- TASK OBJECTIVE -
Retype exactly what appears below from the line containing "電梯的電氣控制系統(tǒng" down to the line containing "An absolutely beautiful", keeping both end lines. Do not include pictures.

- DATA SUPPLIED -
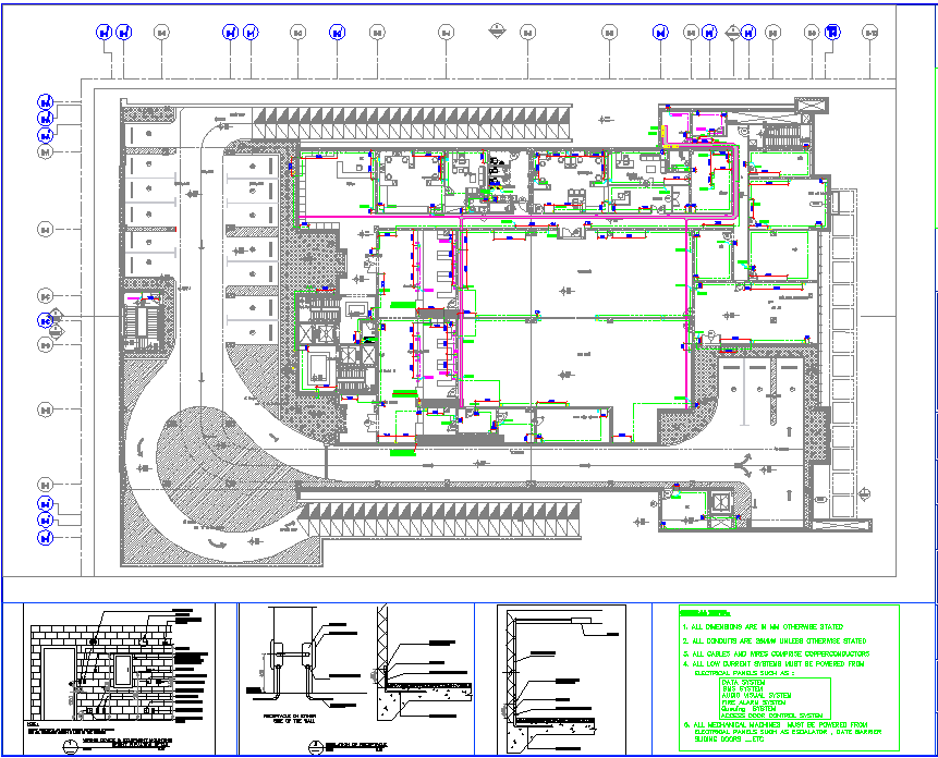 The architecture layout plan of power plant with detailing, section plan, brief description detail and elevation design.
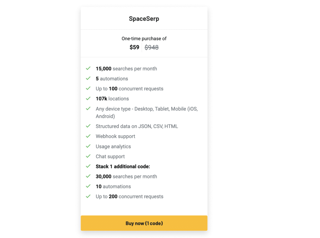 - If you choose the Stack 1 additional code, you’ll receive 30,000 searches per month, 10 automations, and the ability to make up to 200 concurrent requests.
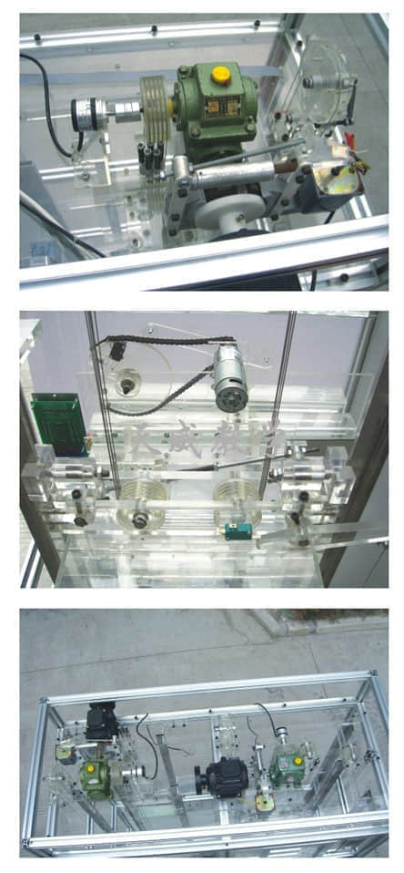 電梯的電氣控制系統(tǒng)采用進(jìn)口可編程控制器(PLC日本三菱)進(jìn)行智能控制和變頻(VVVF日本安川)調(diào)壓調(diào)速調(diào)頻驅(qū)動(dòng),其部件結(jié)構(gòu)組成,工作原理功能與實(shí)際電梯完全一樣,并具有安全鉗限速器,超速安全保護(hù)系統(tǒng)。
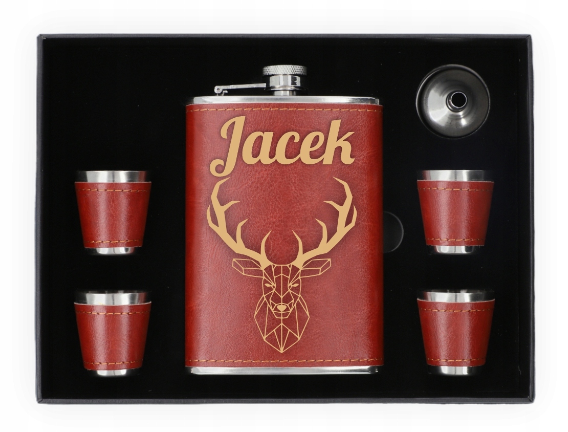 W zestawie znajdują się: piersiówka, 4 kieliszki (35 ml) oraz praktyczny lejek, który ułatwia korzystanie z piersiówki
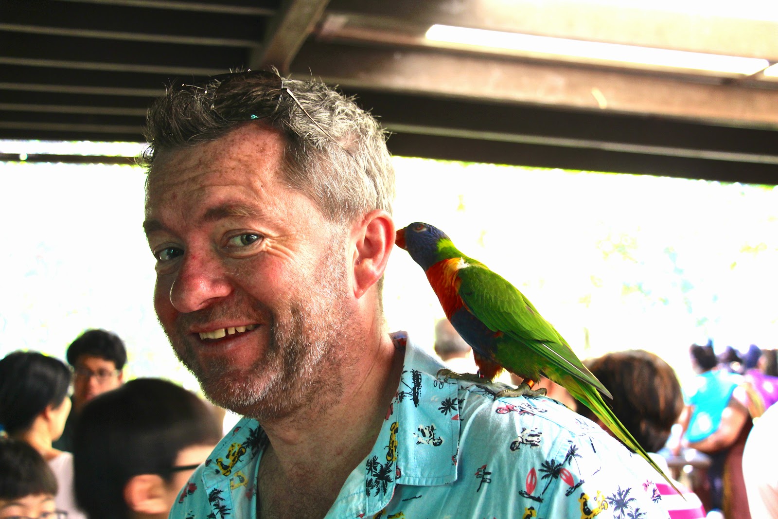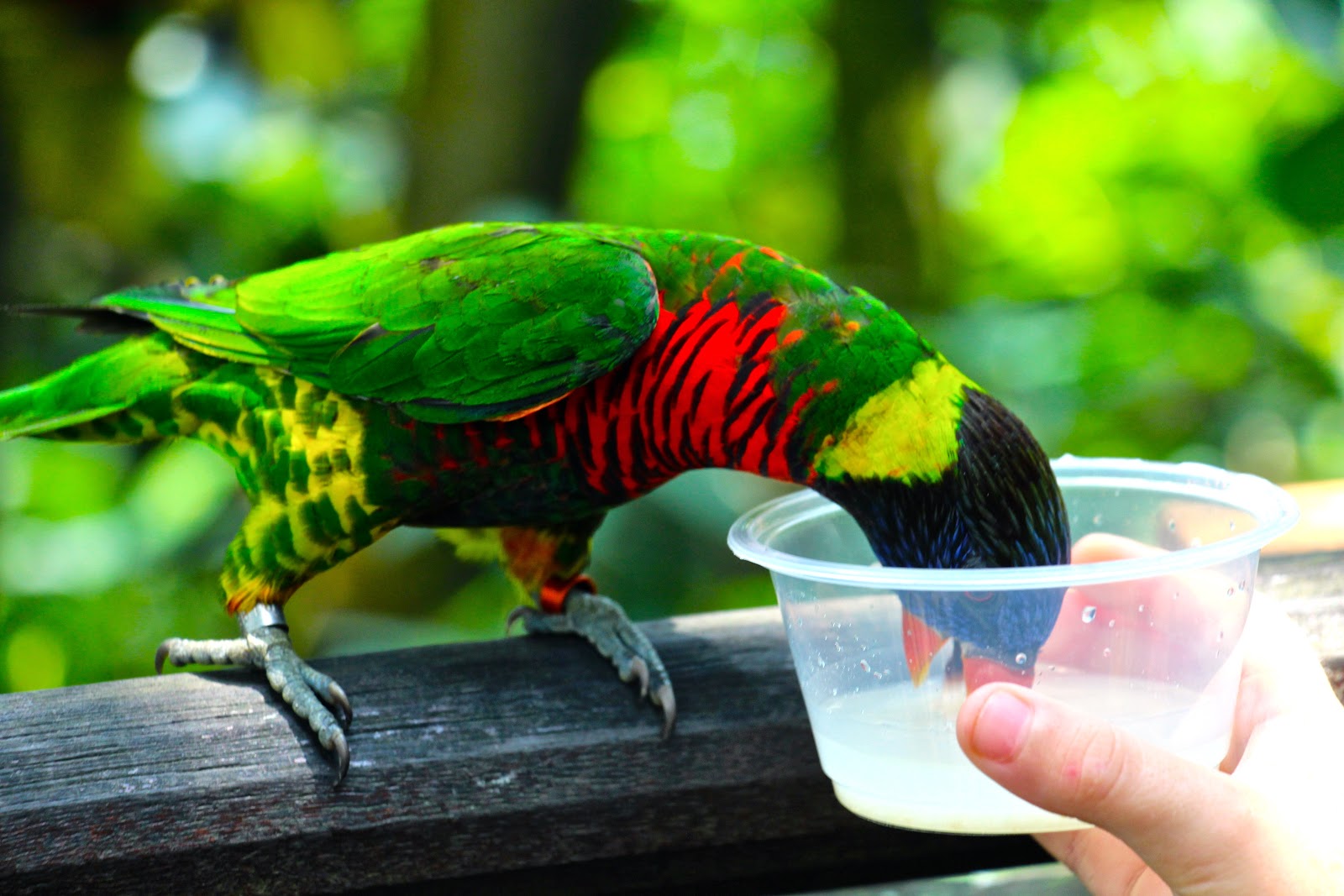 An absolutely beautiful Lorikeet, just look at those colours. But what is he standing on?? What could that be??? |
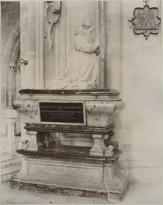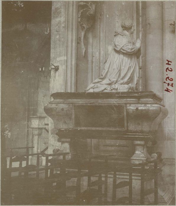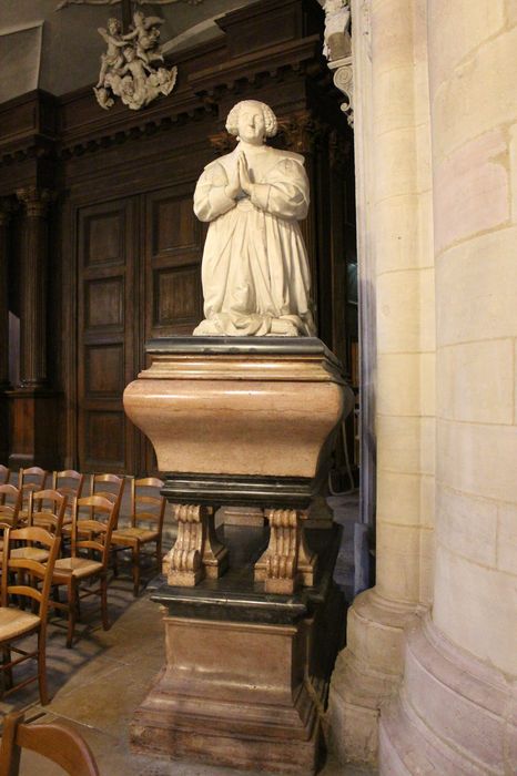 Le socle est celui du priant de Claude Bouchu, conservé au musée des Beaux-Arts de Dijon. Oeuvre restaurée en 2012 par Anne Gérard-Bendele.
...
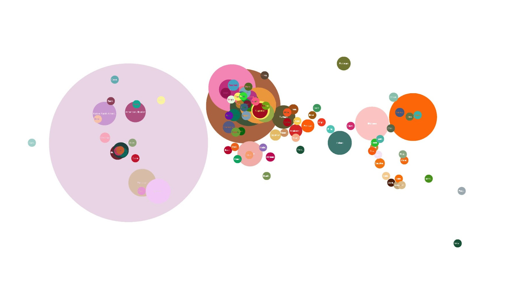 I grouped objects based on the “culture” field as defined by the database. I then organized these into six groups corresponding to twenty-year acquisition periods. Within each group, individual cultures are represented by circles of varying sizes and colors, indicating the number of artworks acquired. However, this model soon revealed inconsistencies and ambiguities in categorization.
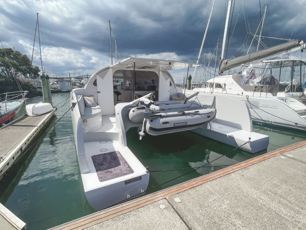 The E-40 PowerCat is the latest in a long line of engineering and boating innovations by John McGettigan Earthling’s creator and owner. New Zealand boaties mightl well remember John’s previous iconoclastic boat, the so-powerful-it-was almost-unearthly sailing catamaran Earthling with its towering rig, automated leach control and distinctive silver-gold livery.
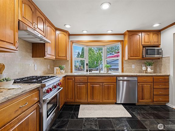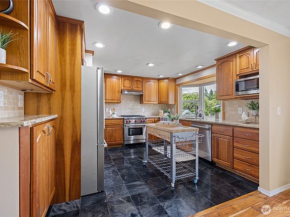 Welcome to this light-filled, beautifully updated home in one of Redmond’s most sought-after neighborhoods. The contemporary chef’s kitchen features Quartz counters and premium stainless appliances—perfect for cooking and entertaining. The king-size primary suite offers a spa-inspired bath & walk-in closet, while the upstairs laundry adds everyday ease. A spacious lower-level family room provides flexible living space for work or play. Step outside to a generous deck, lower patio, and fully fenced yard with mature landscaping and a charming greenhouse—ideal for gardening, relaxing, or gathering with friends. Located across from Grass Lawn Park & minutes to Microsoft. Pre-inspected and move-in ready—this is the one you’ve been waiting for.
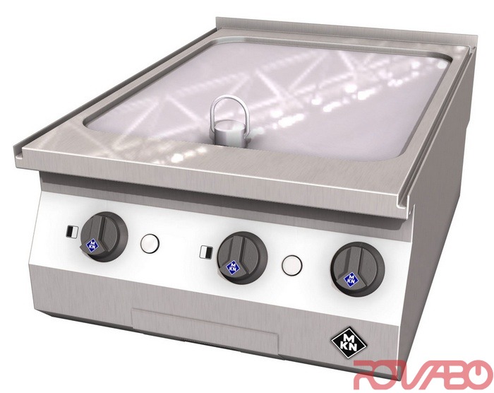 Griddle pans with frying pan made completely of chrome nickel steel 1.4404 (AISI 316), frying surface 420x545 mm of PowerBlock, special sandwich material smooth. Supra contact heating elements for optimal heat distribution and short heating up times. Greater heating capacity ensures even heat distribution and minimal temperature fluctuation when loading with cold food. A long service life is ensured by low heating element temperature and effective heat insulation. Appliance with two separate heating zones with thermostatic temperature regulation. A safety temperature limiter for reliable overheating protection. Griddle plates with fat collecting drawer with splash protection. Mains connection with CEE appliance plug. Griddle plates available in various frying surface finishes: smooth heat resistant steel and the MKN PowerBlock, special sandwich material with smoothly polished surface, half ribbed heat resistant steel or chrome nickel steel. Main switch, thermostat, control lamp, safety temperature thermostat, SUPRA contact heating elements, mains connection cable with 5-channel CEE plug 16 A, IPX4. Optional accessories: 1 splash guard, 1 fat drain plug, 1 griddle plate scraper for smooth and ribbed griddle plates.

- TASK OUTPUT -
 電梯的電氣控制系統(tǒng)采用進(jìn)口可編程控制器(PLC日本三菱)進(jìn)行智能控制和變頻(VVVF日本安川)調(diào)壓調(diào)速調(diào)頻驅(qū)動(dòng),其部件結(jié)構(gòu)組成,工作原理功能與實(shí)際電梯完全一樣,并具有安全鉗限速器,超速安全保護(hù)系統(tǒng)。
 W zestawie znajdują się: piersiówka, 4 kieliszki (35 ml) oraz praktyczny lejek, który ułatwia korzystanie z piersiówki
 An absolutely beautiful Lorikeet, just look at those colours. But what is he standing on?? What could that be??? |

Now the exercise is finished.